*DATA SECTION:*
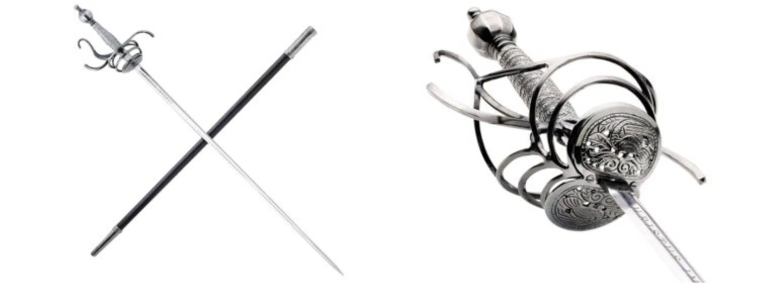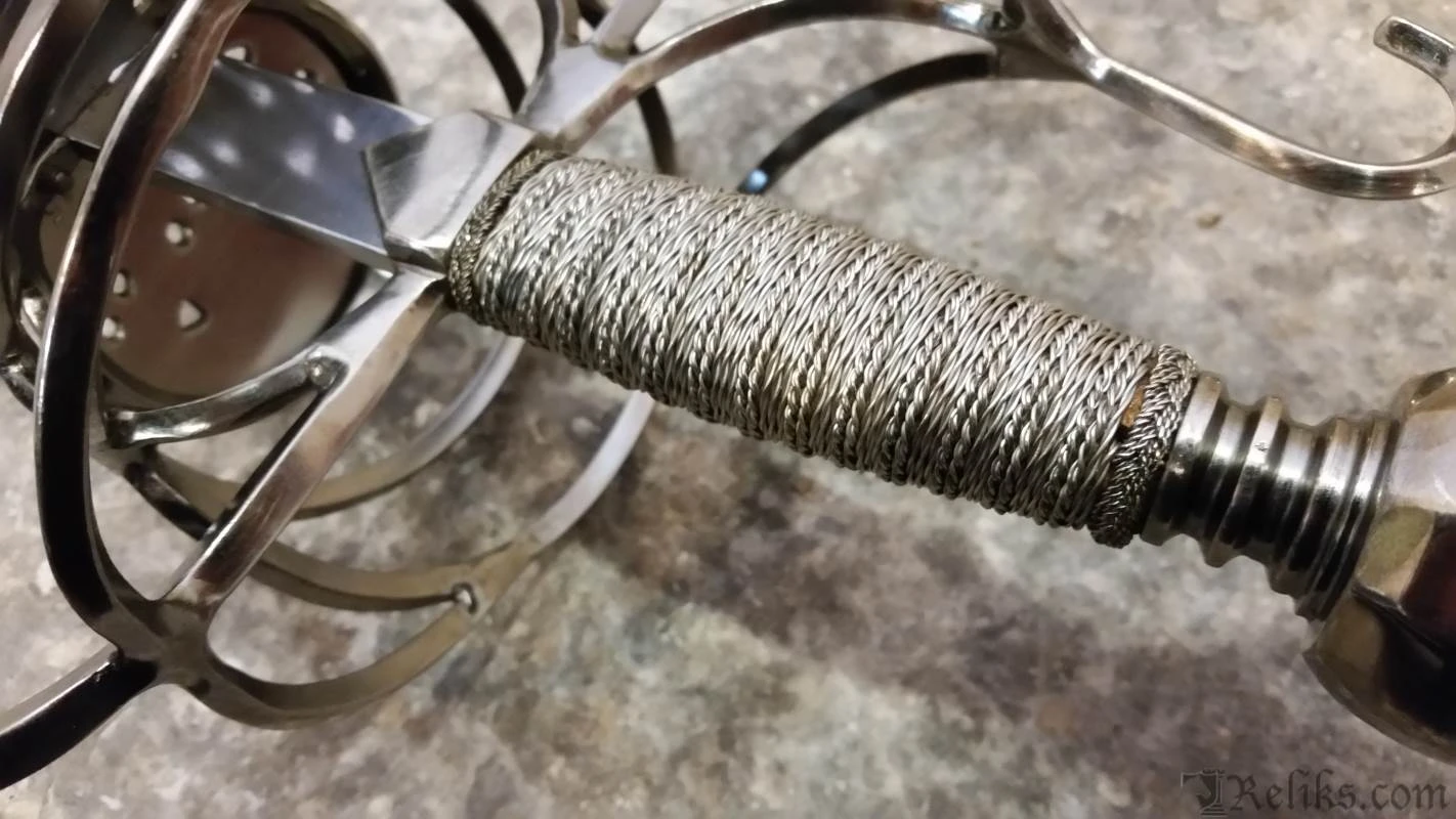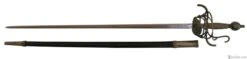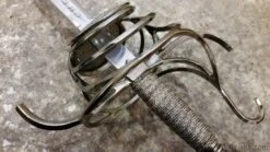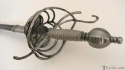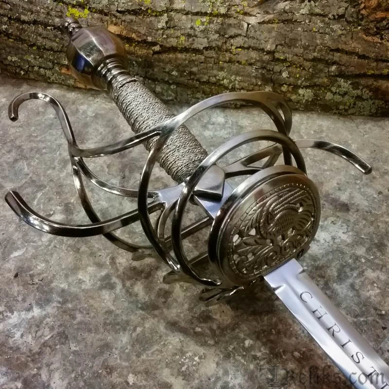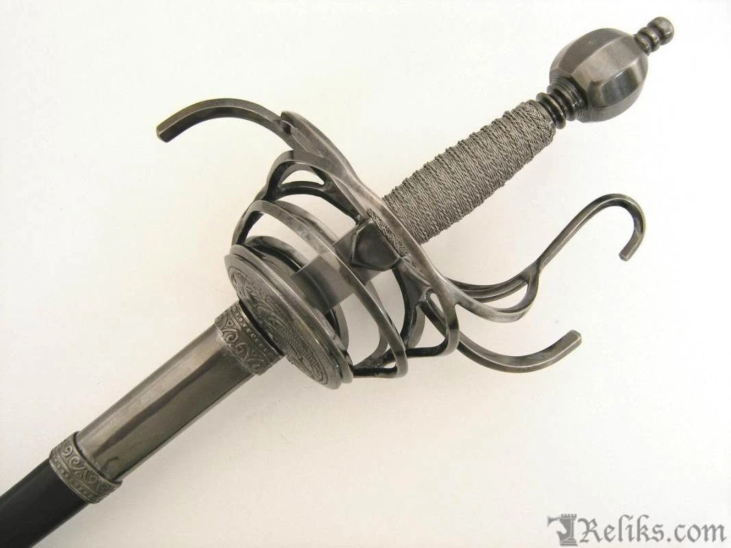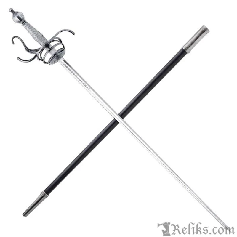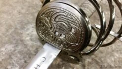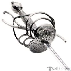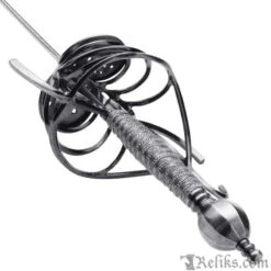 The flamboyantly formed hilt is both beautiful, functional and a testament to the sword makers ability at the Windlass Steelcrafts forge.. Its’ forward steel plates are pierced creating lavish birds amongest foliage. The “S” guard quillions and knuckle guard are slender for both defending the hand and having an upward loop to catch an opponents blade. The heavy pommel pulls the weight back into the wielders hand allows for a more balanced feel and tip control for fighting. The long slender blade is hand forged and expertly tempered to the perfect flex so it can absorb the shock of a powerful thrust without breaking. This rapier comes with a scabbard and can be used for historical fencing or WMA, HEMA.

---

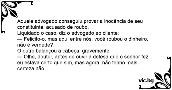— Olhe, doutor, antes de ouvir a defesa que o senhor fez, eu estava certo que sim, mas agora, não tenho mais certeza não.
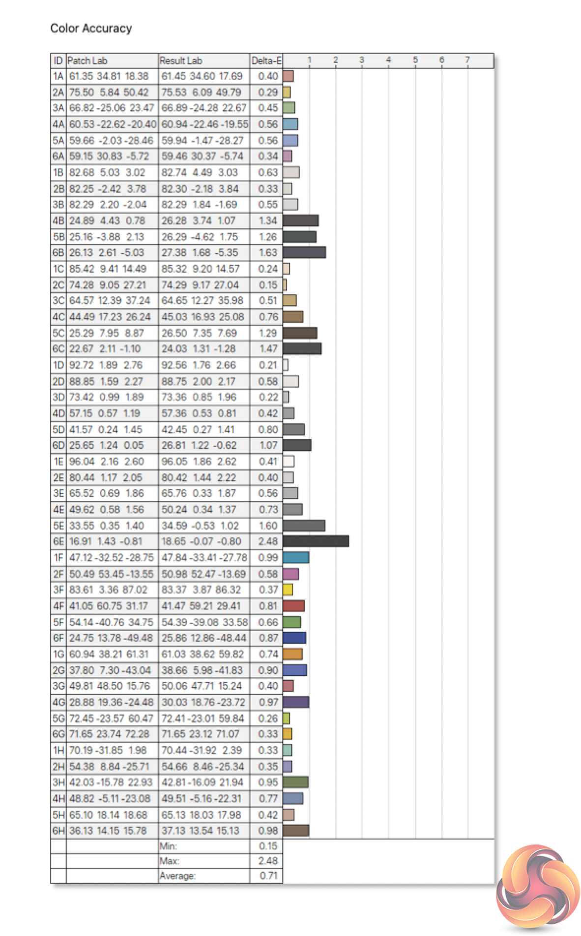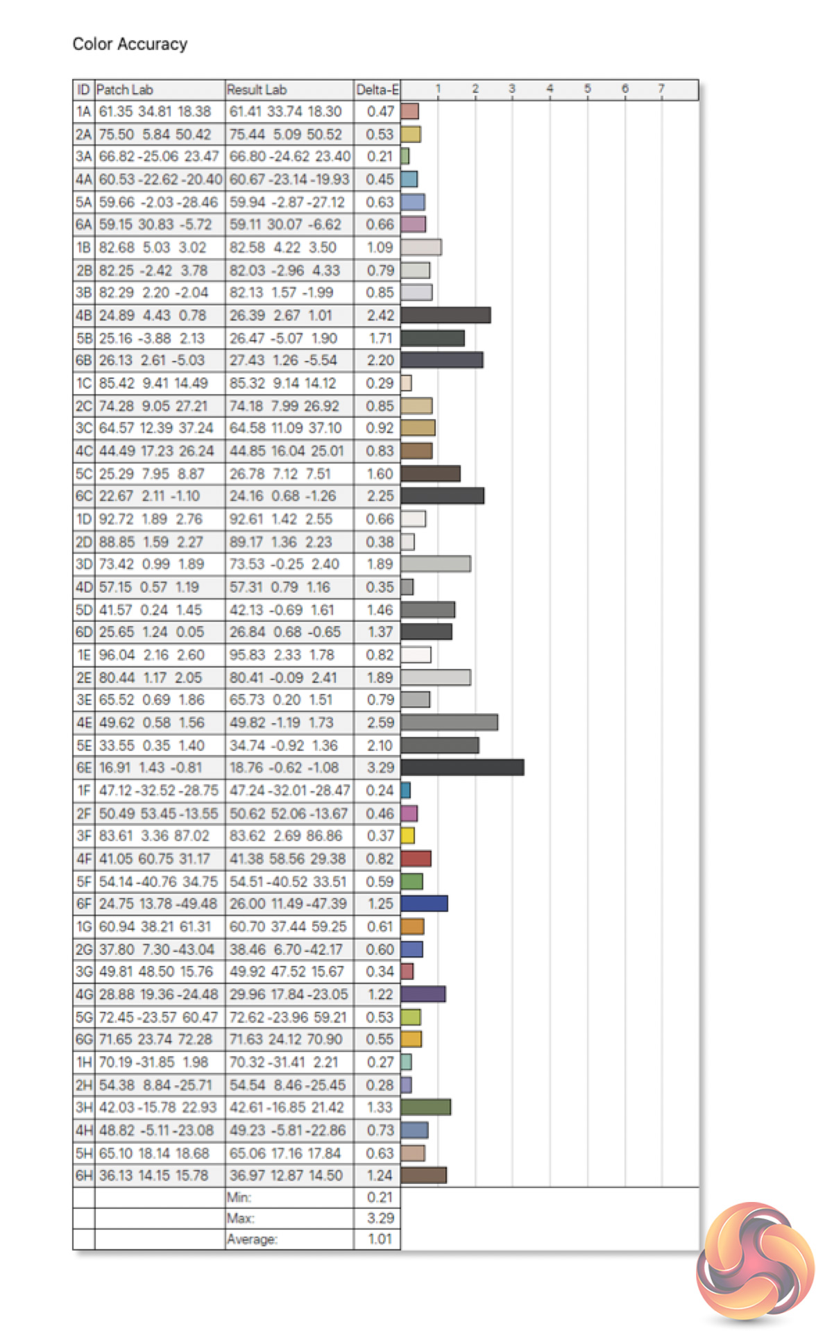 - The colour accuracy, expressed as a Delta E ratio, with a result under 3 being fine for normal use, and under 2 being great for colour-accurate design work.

*ACTION ITEM:* In the entries above, every line from the line with "mais certeza não." to the line with "- The colour" is to be printed exactly, with both ends included and pictures excluded.

*FINISHED TASK:*
— Olhe, doutor, antes de ouvir a defesa que o senhor fez, eu estava certo que sim, mas agora, não tenho mais certeza não.
 - The colour accuracy, expressed as a Delta E ratio, with a result under 3 being fine for normal use, and under 2 being great for colour-accurate design work.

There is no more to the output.